Vulnerable Microsoft SQL Servers targeted with Cobalt Strike

Danger analysts have noticed a new wave of attacks setting up Cobalt Strike beacons on vulnerable Microsoft SQL Servers, main to deeper infiltration and subsequent malware infections.

MS-SQL Server is a popular database administration procedure powering big world-wide-web applications to modest single-program applets.

On the other hand, many of these deployments aren’t adequately secured as they are publicly uncovered to the Internet with weak passwords, and according to a report by Ahn Lab’s ASEC, an not known menace actor is getting edge of this.

Focusing on MS-SQL with Cobalt Strike

The assaults start off with menace actors scanning for servers with an open TCP port 1433, which are very likely general public-struggling with MS-SQL servers. The attacker then carries out brute-forcing and dictionary assaults to crack the password. For the assault to do the job with both approach, the target password has to be weak.

When the attacker gains accessibility to the admin account and logs into the server, the ASEC researchers have noticed them fall coin-miners these as Lemon Duck, KingMiner, and Vollgar. Moreover, the risk actor backdoors the server with Cobalt Strike to establish persistence and complete lateral motion.

Cobalt Strike is downloaded by way of a command shell method (cmd.exe and powershell.exe) on to the compromised MS-SQL and is injected and executed in MSBuild.exe to evade detection.

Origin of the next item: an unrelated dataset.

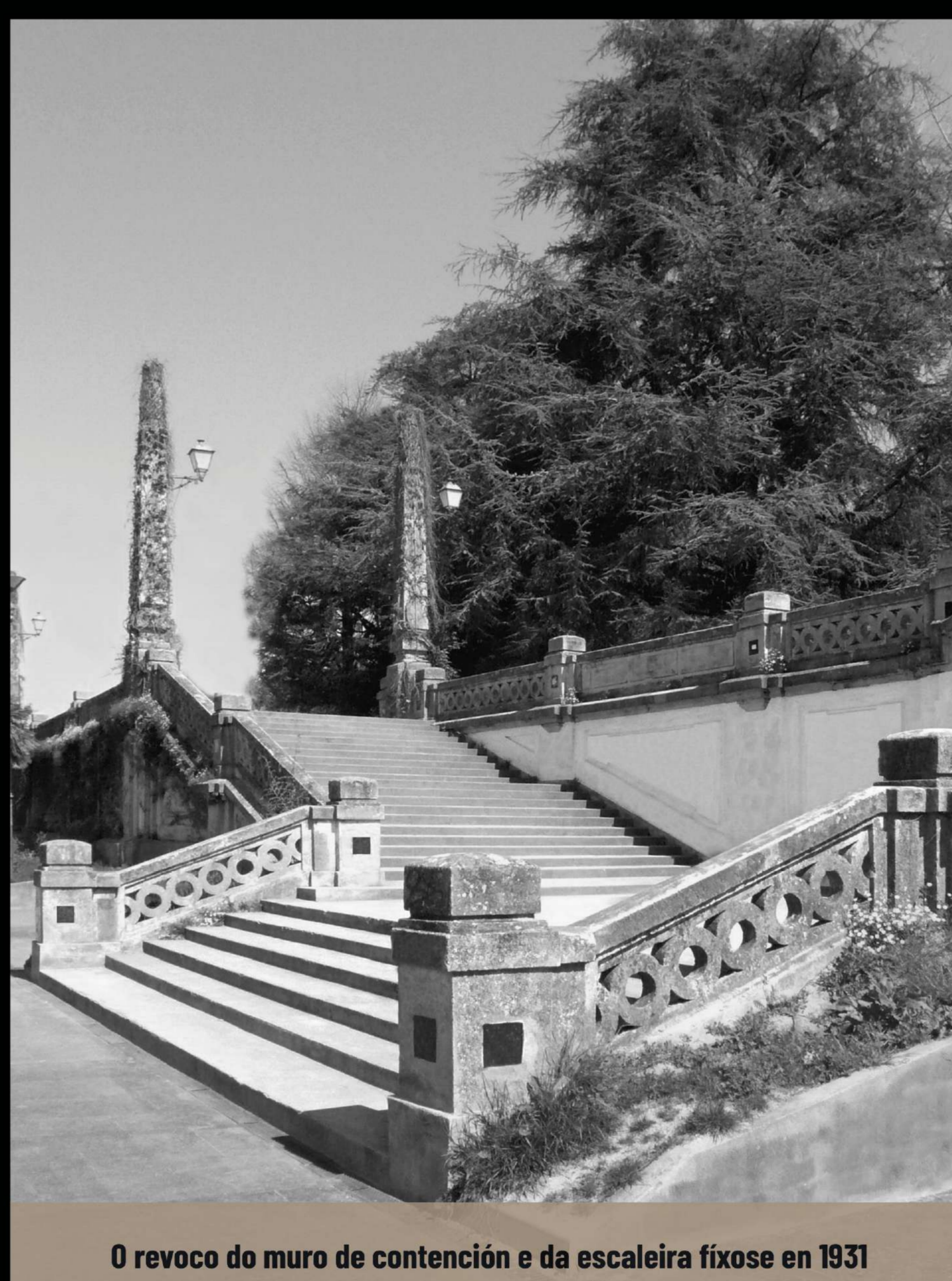
O revoco do muro de contención e da escaleira fíxose en 1931

Destaca do proxecto o seu deseño, a súa localización e o seu carácter integrador entre a cidade e o parque. O seu mérito está en ser das primeiras obras que se fan en España con formigón armado, estilo Art Déco

Processes that download Cobalt Strike
Processes that download Cobalt Strike (ASEC)

Soon after execution, a beacon is injected into the respectable Windows wwanmm.dll process and waits for the attacker’s instructions when keeping concealed inside of a process library file.

“As the beacon that gets the attacker’s command and performs the destructive conduct does not exist in a suspicious memory area and in its place operates in the ordinary module wwanmm.dll, it can bypass memory-based detection,” describes the report by Ahn Lab’s ASEC team.

Code and strings used for tainting the dll
Code and strings utilized for tainting the dll (ASEC)

Cobalt Strike is a commercial pen-testing (offensive security) instrument that is extensively abused by cybercriminals who come across its powerful features established especially useful for their malicious operations.

The $3,500 per license device was intended to assist moral hackers and pink teams simulate authentic assaults against companies that want to raise their security stance, but from the minute cracked variations were being leaked, its use by menace actors went out of command.

It is really now used by Squirrelwaffle, Emotet, malware operators, opportunistic attacks, Linux-concentrating on teams, complex adversaries, and normally by ransomware gangs when conducting assaults.

The reason why danger actors abuse it so much is its wealthy features which features the subsequent:

  • Command execution
  • Keylogging
  • File functions
  • SOCKS proxying
  • Privilege escalation
  • Mimikatz (credential-stealing)
  • Port scanning

Moreover, the Cobalt Strike agent called the “beacon” is file-significantly less shellcode, so the likelihood of it being detected by security tools are lowered, in particular in poorly managed systems.

AhnLab’s info displays that all the obtain URLs and C2 server URLs that supported the the latest assault wave stage to the exact same attacker.

To guard your MS-SQL server from attacks of this form, use a sturdy admin password, location the server at the rear of a firewall, log all the things and observe suspicious actions, implement readily available safety updates, and use a details entry controller to inspect and implement guidelines on each transaction.